Любите ли вы Брамса? - Саган Франсуаза. Страница 21
Глава 18
Они столкнулись как-то вечером у входа в ресторан и разыграли втроем сценку из классического и несуразного, столь обычного в Париже балета: она издали слегка кивнула мужчине, на плече которого столько раз вздыхала, стонала, засыпала; он неловко поклонился ей, а Симон с минуту смотрел на него и не ударил, хотя у него чесались руки. Они заняли два столика довольно далеко друг от друга, и Поль заказала обед, не подымая глаз от меню. Для хозяина ресторана, для кое-кого из завсегдатаев, знавших Поль, это была обычная, ничем не примечательная сцена. Симон решительным тоном приказал принести вина, а Роже, за другим столиком, осведомился у своей дамы, какой коктейль она предпочитает. Наконец Поль подняла глаза, улыбнулась Симону и взглянула в сторону Роже. Она его любит, эта самоочевидная истина кольнула ее, как только она увидела Роже с его обычным надутым видом в дверях ресторана, она еще до сих пор любит Роже, она словно пробудилась от долгого ненужного сна. Он тоже взглянул на нее, попытался улыбнуться, но улыбка тут же застыла на его губах.

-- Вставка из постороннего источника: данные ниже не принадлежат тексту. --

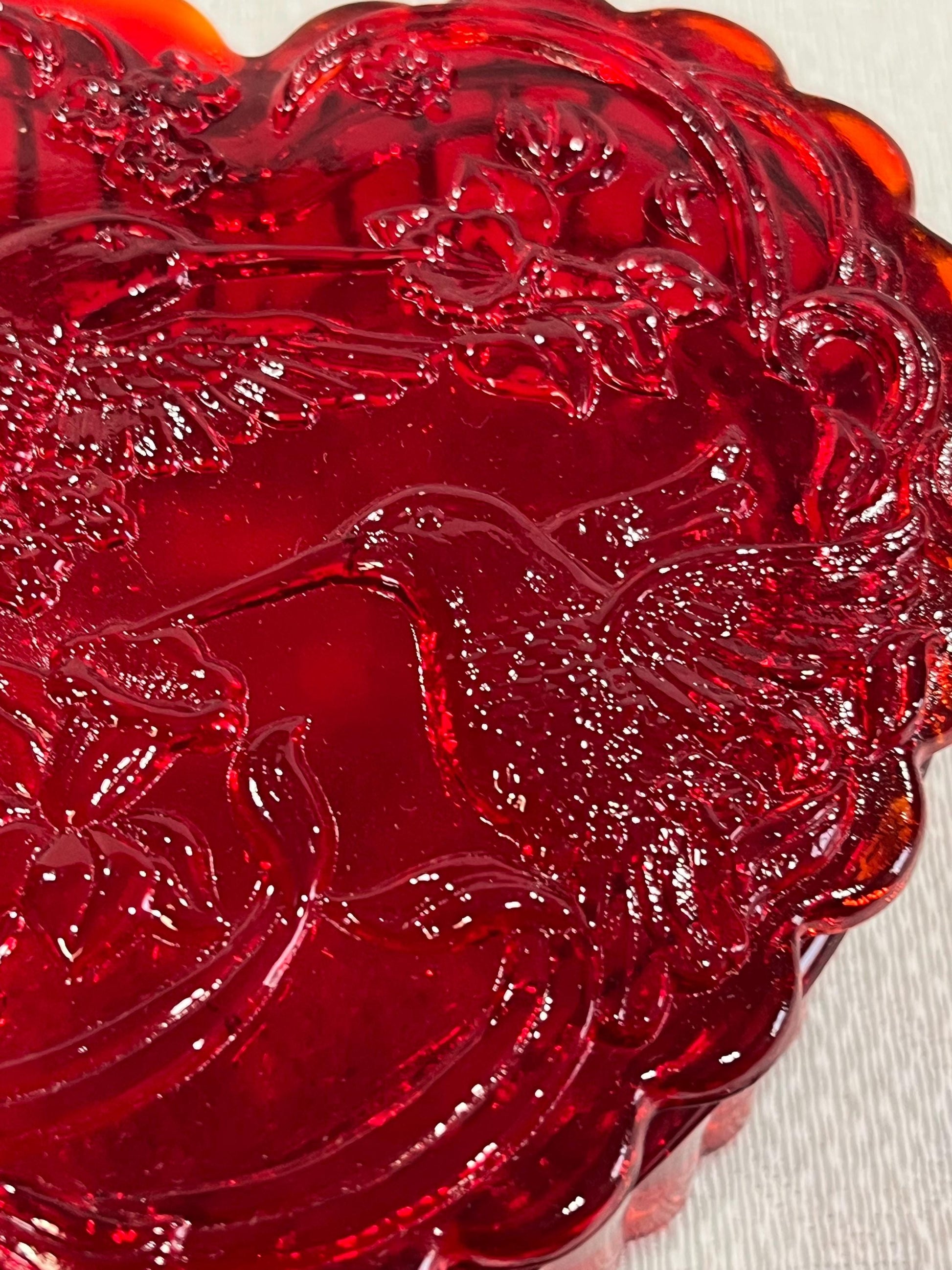 Large ruby red glass heart shaped box! Elaborately detailed with embossed flowers and a hummingbird. Masterfully crafted by the renowned artisans at Mosser in Cambridge, Ohio. Use it for trinkets, jewelry, treats and more. This delicate box not only serves as a perfect keepsake but also sets the stage for a truly memorable gift. 4" x 1.5", 12 ounces.

– Что вы закажете? – спросил Симон. – Белое вино?
– Пожалуй!
Она видела свои руки, лежавшие на краю столика, аккуратно расставленные приборы, рукав Симона возле своего обнаженного плеча. Она залпом выпила вино. Симон говорил без обычного своего воодушевления. Казалось, он чего-то ждет от нее или от Роже. Но чего? Разве может она подняться, бросить Симону: «Прости, пожалуйста», разве может она пересечь зал и сказать Роже: «Хватит, пойдем домой». Так не делается. Впрочем, в наши годы ничего уже не делается, ничего умного, ничего романтичного.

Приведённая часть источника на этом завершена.